There’s no real way to find and filter just that content without also removing a huge chunk of useful content. Here’s just one example: Social media posts describing how to use naloxone, a drug that can reverse opioid overdoses, can be seen as promoting self-harm because it can reduce the potential danger of a fatal overdose, or as providing essential health information. But KOSA’s vague standard means that the website owner is in a better legal position if it removes the information, avoiding potential claims later that the information is harmful. This will reduce the availability of important and potentially life-saving information on the Internet. KOSA pushes website owners into government-sanctioned censorship.
To ensure that users is of the correct age, KOSA forces massive data collection efforts that lead to even greater potential privacy invasions.
KOSA would allow a federal investigation into the creation of an age verification system at the device or operating system level, “including the need for potential hardware and software changes.” The end result is likely to be a complex age verification system operated by a third party that maintains a huge database of all Internet users.
Many risks of such a program are obvious. They require every user, including children, to hand over personal data to a third party simply to use the website, should that user ever want to step outside of government “parental” controls.
In addition, the bill allows Congress to decide what is appropriate for children to watch online. This verification scheme would make it much more difficult for real parents to make individual choices for their own children. Because it is very difficult to distinguish minors who discuss many of these topics in a way that encourages them, as opposed to a way that discourages them, the safest course of action for services under this bill is to block all discussion and viewing of these topics by minors and teenagers If KOSA passes, instead of letting parents decide what young people see online, Congress will make it for them.
Recent a study of attitudes towards age verification showed that majority parents are “willing to make an exception or allow their child to bypass age requirements altogether, but then require direct supervision of the account or a discussion about how to safely use the app.” Many also fudge the numbers a bit to ensure that the websites do not include their children’s specific birthdays. KOSA’s strict national age verification system will make it much harder, if not impossible, for parents to decide for themselves what sites and content a young person can be exposed to. Instead, the algorithm will do it for them.

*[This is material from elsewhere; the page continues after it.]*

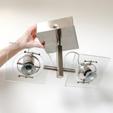 Tre stycken likadana vintage IKEA taklampor med fyra riktbara spotlights. Klassiskern "FUGA" med vridbara spotlights i alla riktningar monterade på glasplattor med en stomme i borstat stål. Ljuskällor är utbytbara med vanliga GU10-lampor och är kompatibel med både LED- och halogenljuskällor max 35W. Mått ca 37 x 37 cm. Lampan hänger ned ca 20 cm från taket.

KOSA also fails to recognize that some parents do not always have their children’s best interests at heart or are unable to make appropriate decisions for them. These children are affected by the KOSA parental regime, which requires services to establish the highest level of parental control for children under the age of thirteen.
KOSA is a poor substitute for real online privacy
KOSA’s attempt to improve privacy and security will actually have a negative impact on both. Instead of using heavy-handed age verification to determine who gets the most privacy, and then using that same determination to limit access to vast amounts of content, Congress should focus on creating strong privacy safeguards for everyone. Real privacy protections that prevent data collection without consent address children’s privacy concerns by making age verification unnecessary. Congress should take privacy protections seriously and pass legislation that creates a strong, comprehensive privacy framework with strong enforcement tools.